# help me with my pond. PLEASE!!!



## Screamin_99 (Jul 27, 2006)

back about this time last year We bought a small 150 - or so gallon pond from Lowes/Wal-Mart where ever, its a hard plastic preformed pond. It came with a light and a filter and a little attachment thing.

Basically we had everything we needed. well at the time we lived in eastern Ky, its very shaded there but we had the pond setup temporarly under a patio/deck because of my dog (he loves fish and always tried to get into the pond) but anyway we bought some stuff to clean the water and make it safe kinda like you would do for a regular fish tank, we put that in as directed and then we put in some alge killer/destroyer which worked pretty well. about a week or so went by we put two gold fish in it. they lived for 10 months or more and we finally moved to Ohio and these fish died just before we moved. really flat no trees = no shade here in ohio. well we put the pond up (actually down we dug it into the ground this time so it would look better plus the dog cant get near it now lol) and ran it for about 48-72 hours and we introduced our first fish, two gold fish and a blue channel cat fish. all was well. 

about a week later we introduced two fancy tailed / fan tailed goldfish into the pond. once again all was well. another week went by and the pond was staying clear the fish seemed happy we went out and bought a yellow Koi and put in. and then about 3 days later we put in 5 of the feeder goldfish we put the other two in our fish tank inside with our other fish (which are still alive) 

3-4 days go by and 1 by 1 our fish are dieing. 

The pond is in direct sun it sees this sun for pretty much all day long. and its been about 84-97 or so Id say during this time.. well I dunno what really happended.

about 2 days before they all started dieing I had noticed the water a little dirty (we had been planting flowers and such around and got dirt in the pond and just I guess it was just dirty anyway) but I used no cleaners just drained the pond then wiped it all down with a couple paper towels and stuff just to get the grime off the sides. well then they all died?

I dont know if it was a combination of the heat/sun that killed them or what but Id like to put more fish in it, I was recently reading online and found that Koi would get to big for the pond we have. but im shocked I dunno what I did wrong?

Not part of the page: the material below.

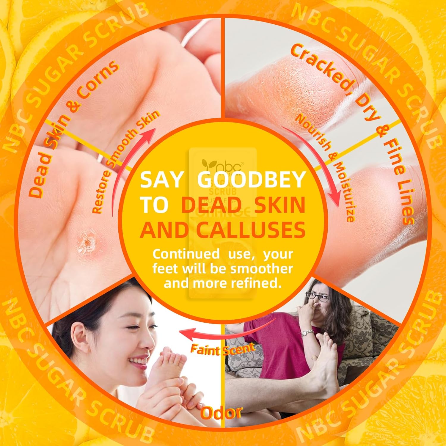 - ✅【Dead Skin Remover for Feet】 Our foot Sugar Scrub is moisturizing and rich in antioxidants to soften and nourish dry skin. It can slow down skin aging while removing unwanted toxins and dead skin cells. Wave goodbye to dry, cracked feet after just one use.

I didnt add no water cleaners to it like stuff to set up the water and make it safe. that might have been 1 mistake but the other thing I was thinking might have done it was the heat? but they were alive for a long time but it started getting hot and then they all started turning up dead. maybe they neighbors killed them I dunno? 

any help and advice is wanted/needed. Id love to put more fish in it. but I just dont want them to all die out. I can get pictures if needed. 

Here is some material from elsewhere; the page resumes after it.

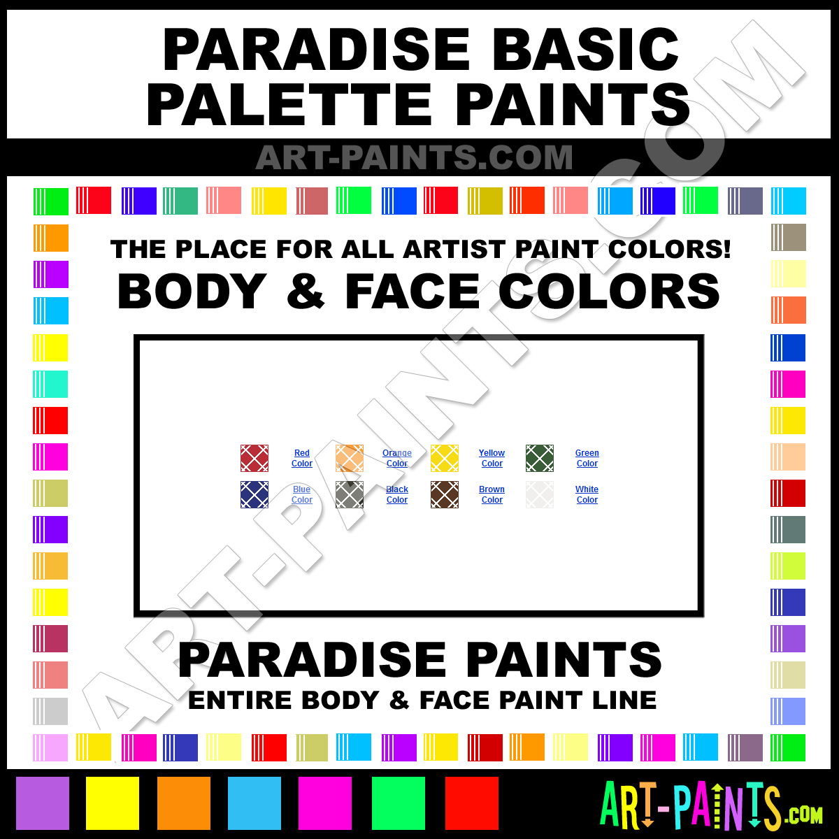 Paradise makes a beautiful Basic Palette Paint Brand. With a complete line of Body and Face Color Paints, 8 colors in all, available in beautiful hues and colors, they will no doubt keep you painting and smiling at the same time. This brand is very unique and exquisite!

right now we just put some chlorine in it to keep the water clean. But when I get everything worked out I would like to put fish back in so what would be a good way to do this.

I mainly wanna know what im doing wrong and how I can fix it and what I should probably do to fix this? 


Nice site BTW!!!


----------



## Christine (Nov 4, 2005)

If you have chlorine in the water where you live it will dissipate over time (I think most people still use remover). If you have chloramine in the water where you live it will not dissipate and you *must* use a remover (it must be capable of removing chloramines preferrably ammonia as well.. some removers only remove chlorine). That was likely mistake #1.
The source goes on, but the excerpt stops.